**WHAT THE EXERCISE ASKS**
With pictures left out, set down exactly the lines from the line containing "4、最后一个大蜡烛在墓土三龙图(远古战场)大花右前方的一个平台上。" through the last line of the data.
* * * * *
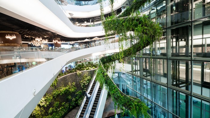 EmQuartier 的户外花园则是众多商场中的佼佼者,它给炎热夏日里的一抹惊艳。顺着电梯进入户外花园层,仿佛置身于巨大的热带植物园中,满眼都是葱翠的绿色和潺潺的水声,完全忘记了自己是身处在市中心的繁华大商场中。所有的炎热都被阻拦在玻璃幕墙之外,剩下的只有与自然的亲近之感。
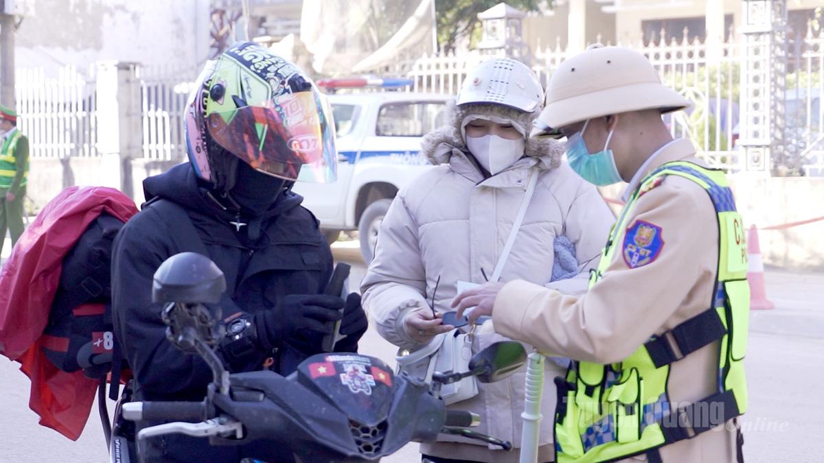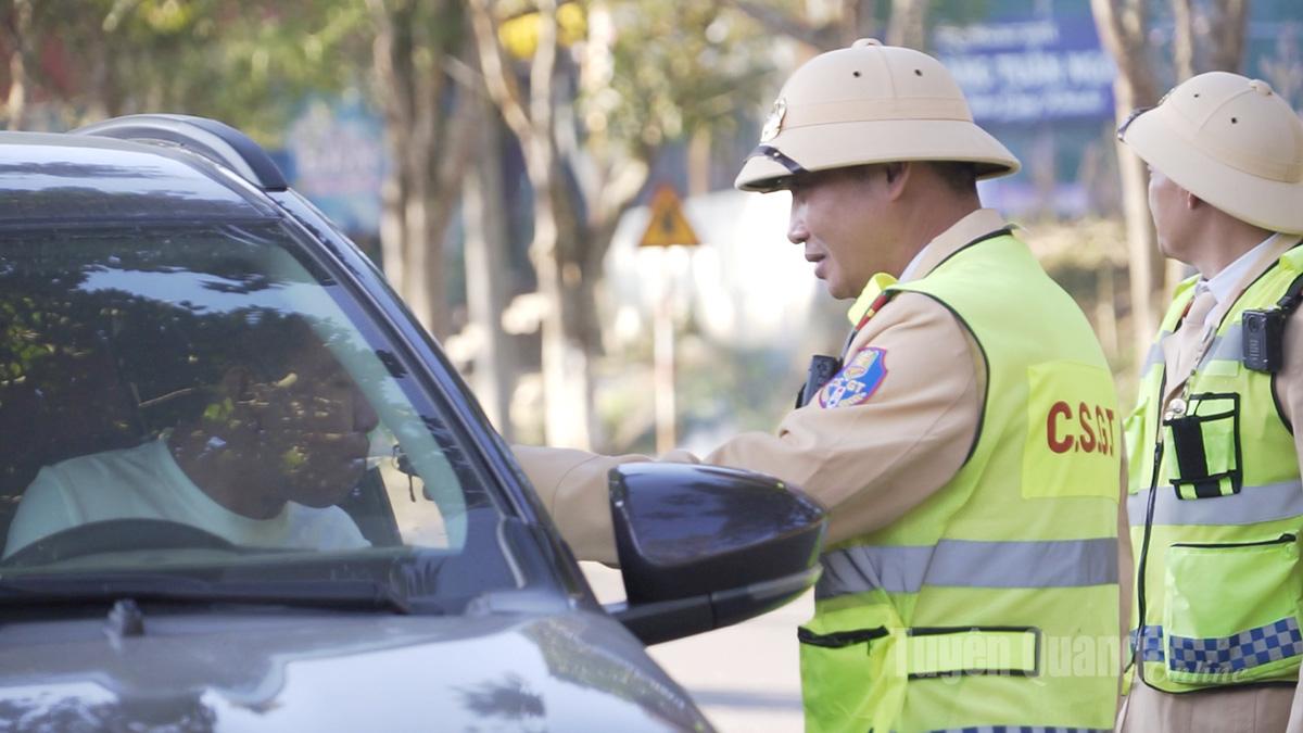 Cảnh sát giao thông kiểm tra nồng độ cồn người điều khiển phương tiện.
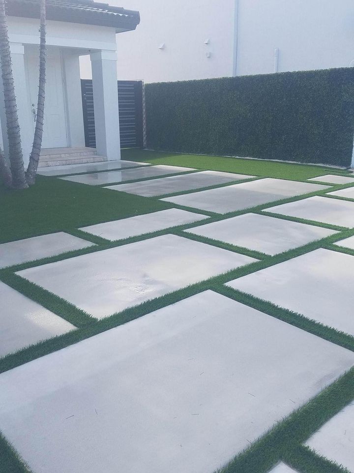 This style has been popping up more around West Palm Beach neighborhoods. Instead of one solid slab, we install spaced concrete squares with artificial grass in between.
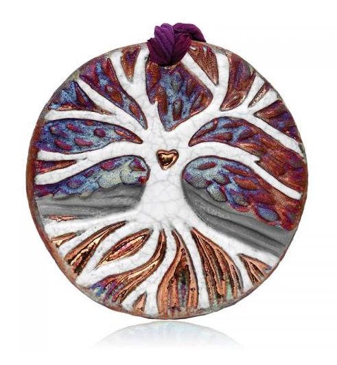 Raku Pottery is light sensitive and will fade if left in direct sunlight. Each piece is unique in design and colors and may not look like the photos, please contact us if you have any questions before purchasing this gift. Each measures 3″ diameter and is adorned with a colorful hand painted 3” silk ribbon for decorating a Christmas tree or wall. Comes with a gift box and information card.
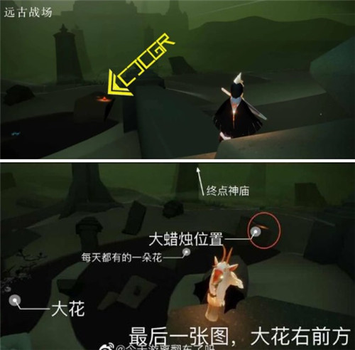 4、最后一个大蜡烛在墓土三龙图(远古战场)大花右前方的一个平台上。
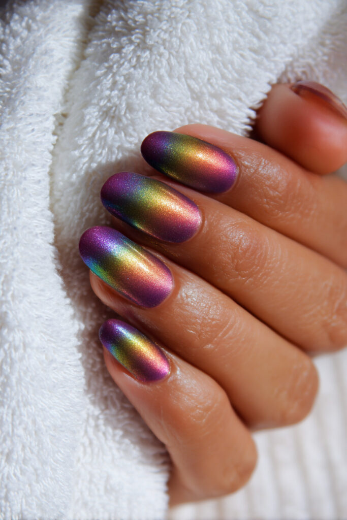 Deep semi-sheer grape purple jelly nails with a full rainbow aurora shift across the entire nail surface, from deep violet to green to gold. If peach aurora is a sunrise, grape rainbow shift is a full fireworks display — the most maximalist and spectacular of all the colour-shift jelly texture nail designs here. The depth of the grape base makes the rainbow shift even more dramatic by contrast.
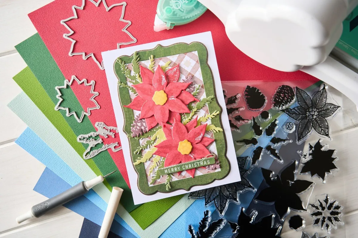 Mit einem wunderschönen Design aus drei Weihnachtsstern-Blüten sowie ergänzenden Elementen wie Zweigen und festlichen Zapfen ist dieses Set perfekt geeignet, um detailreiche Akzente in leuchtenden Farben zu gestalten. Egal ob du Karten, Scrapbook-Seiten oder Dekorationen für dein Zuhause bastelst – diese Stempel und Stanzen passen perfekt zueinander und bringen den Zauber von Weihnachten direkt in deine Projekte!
* * * * *
**EXERCISE ANSWER**
 4、最后一个大蜡烛在墓土三龙图(远古战场)大花右前方的一个平台上。
 Deep semi-sheer grape purple jelly nails with a full rainbow aurora shift across the entire nail surface, from deep violet to green to gold. If peach aurora is a sunrise, grape rainbow shift is a full fireworks display — the most maximalist and spectacular of all the colour-shift jelly texture nail designs here. The depth of the grape base makes the rainbow shift even more dramatic by contrast.
 Mit einem wunderschönen Design aus drei Weihnachtsstern-Blüten sowie ergänzenden Elementen wie Zweigen und festlichen Zapfen ist dieses Set perfekt geeignet, um detailreiche Akzente in leuchtenden Farben zu gestalten. Egal ob du Karten, Scrapbook-Seiten oder Dekorationen für dein Zuhause bastelst – diese Stempel und Stanzen passen perfekt zueinander und bringen den Zauber von Weihnachten direkt in deine Projekte!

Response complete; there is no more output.